The compromises are real and worth naming. The Veyron is large and heavy - the Grand Sport weighs approximately 1,990 kg - and while the structure is extraordinarily stiff for a convertible of its complexity, it is not the kind of car that invites you to explore a mountain road. It rewards straight-line velocity and high-speed grand touring; it does not reward being hustled. The braking system - carbon ceramic discs with a retractable air brake that rises from the rear deck under heavy deceleration - is genuinely exceptional, one of the engineering highlights of the whole package. But the car's girth and mass mean that in any environment where changing direction matters, a well-sorted sports car costing a fraction of the Veyron's price will feel more alive. Bugatti never claimed otherwise. This is a car built to a specific brief, and that brief was always about absolute capability rather than driver engagement in the traditional sense.

There is also the matter of what it costs to maintain. The Veyron's service requirements are extensive, involving a dedicated Bugatti-approved workshop and parts and labour costs that make conventional servicing bills look trivially small. The tyres are bespoke Michelin items designed specifically for this application; replacement involves removing the wheels from the car and shipping them to a facility equipped to handle the procedure. None of this is unknown to buyers, but it bears acknowledgement: the Veyron is a car that requires commitment well beyond its purchase price.

What the 'Soleil de Nuit' represents within this context is something genuinely rare even within a rare model range. Bugatti produced 150 Grand Sport examples across the standard production run, a figure that already places it in rarefied company, and within those numbers the bespoke commissions - cars built to individual specifications for individual markets - are a distinct subset. A one-off Grand Sport wearing a unique exterior treatment, interior specification, and dedicated badging occupies a position that is genuinely singular. It was conceived for a specific cultural context, delivered to one of the most prominent families in its target region, and carries a visual identity that no other car shares. The Dubai Motor Show unveiling gave it a public debut appropriate to its ambitions: a market that understood implicitly what Bugatti was communicating with polished aluminium and midnight blue.
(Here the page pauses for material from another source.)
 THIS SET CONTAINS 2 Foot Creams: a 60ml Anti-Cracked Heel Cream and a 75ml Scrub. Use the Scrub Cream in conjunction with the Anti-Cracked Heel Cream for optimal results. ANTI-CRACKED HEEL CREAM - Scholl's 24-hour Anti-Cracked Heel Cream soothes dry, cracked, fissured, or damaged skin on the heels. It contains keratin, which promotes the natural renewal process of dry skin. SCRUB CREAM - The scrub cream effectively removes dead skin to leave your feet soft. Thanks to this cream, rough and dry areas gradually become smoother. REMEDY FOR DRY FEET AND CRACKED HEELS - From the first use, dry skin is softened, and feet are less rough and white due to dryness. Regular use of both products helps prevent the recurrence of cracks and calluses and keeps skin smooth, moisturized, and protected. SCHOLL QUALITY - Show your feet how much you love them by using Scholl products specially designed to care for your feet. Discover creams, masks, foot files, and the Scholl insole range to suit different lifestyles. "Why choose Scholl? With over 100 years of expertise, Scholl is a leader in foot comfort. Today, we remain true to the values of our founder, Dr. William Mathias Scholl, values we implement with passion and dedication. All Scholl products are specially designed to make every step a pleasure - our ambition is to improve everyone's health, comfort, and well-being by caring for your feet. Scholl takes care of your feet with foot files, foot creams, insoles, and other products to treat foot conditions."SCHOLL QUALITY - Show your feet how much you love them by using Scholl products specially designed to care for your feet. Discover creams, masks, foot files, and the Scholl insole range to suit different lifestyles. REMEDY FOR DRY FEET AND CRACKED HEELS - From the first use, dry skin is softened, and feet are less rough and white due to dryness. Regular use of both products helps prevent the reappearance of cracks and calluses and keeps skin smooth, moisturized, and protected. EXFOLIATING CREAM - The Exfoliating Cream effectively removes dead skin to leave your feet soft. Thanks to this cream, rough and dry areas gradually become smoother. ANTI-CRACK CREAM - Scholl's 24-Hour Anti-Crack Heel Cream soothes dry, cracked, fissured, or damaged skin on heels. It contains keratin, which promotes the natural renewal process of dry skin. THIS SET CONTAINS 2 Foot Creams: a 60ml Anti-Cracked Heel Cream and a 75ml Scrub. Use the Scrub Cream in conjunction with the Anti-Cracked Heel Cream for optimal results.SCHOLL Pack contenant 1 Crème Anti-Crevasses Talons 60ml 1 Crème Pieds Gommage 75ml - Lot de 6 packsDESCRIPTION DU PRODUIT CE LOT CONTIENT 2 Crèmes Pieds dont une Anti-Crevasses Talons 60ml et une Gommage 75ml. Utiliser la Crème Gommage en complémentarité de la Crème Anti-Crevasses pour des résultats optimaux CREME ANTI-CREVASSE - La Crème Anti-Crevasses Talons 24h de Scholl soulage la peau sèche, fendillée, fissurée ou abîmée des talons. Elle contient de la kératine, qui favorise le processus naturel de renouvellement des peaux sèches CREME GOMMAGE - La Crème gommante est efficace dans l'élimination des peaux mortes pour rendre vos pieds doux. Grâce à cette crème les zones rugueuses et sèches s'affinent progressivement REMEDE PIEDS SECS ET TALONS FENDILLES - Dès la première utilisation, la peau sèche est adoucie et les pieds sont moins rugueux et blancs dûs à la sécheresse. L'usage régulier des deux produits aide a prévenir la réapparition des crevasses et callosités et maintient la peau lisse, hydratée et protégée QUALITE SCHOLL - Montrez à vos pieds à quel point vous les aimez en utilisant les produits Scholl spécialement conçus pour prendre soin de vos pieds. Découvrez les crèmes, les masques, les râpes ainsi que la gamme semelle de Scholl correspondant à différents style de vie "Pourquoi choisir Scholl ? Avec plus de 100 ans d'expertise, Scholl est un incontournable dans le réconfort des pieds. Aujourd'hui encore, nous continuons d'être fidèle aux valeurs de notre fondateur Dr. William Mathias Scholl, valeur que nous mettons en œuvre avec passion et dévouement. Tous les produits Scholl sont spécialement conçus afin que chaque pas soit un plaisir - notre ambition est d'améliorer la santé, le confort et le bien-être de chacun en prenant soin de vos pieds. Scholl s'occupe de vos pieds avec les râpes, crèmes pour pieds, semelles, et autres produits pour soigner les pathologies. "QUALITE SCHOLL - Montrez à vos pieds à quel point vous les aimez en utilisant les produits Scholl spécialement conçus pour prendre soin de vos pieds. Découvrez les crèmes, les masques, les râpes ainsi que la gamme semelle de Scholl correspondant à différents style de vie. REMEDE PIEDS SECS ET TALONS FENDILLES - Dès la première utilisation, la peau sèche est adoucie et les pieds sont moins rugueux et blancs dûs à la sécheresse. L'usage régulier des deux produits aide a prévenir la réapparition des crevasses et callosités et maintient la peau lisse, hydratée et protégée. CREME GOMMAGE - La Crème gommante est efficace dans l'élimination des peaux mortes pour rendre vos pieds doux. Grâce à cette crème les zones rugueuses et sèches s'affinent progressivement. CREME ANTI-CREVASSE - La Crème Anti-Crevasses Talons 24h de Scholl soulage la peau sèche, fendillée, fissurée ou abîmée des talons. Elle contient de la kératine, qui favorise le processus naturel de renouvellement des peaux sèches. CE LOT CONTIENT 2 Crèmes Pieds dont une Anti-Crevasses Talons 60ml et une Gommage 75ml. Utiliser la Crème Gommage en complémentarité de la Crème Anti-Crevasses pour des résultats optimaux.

The Veyron's broader legacy has only become clearer with distance. When it appeared in 2005, some critics questioned whether the world needed a car of such extreme specification, and whether the engineering resources required to build it represented a rational allocation of effort. Those arguments were never really the point. The Veyron demonstrated, definitively, what was possible when an automotive group committed its full engineering capability to a single goal without commercial compromise. It reset expectations across the hypercar sector, encouraging Koenigsegg, Hennessey, and SSC to pursue records that would not have seemed viable without Bugatti's precedent. It also demonstrated that a hypercar could be genuinely usable - not just as a straight-line machine but as a car capable of covering distance, in reasonable comfort, at extraordinary speed. The Chiron that followed built on this template rather than replacing it, which is perhaps the clearest evidence of how well the original concept was conceived.
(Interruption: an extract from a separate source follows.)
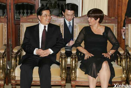 El presidente chino Hu Jintao, quien se encuentra de visita de Estado en Brasil, se reunió el día 13 por la noche en el Estado de Río de Janeiro con su gobernadora Rosinha Garotinho.

The 'Soleil de Nuit' was received with the kind of attention that a one-off Veyron commission naturally generates - admired in Dubai, discussed in the specialist press, and subsequently absorbed into private ownership with the discretion typical of its buyer profile. It is not a car that sought widespread public approval, and it did not need to. It was built for a specific audience, in a specific specification, to mark a specific moment in Bugatti's centenary year. That it now exists as a document of that moment - of a company at the peak of its original Veyron programme, producing bespoke commissions for buyers who understood exactly what they were asking for - gives it a historical dimension that purely statistical rarity cannot fully capture.

The name still makes its own quiet argument. Soleil de Nuit. A sun that shines in darkness, polished aluminium catching whatever light is available and giving it back doubled. It was a strange brief for a car, and Bugatti fulfilled it completely.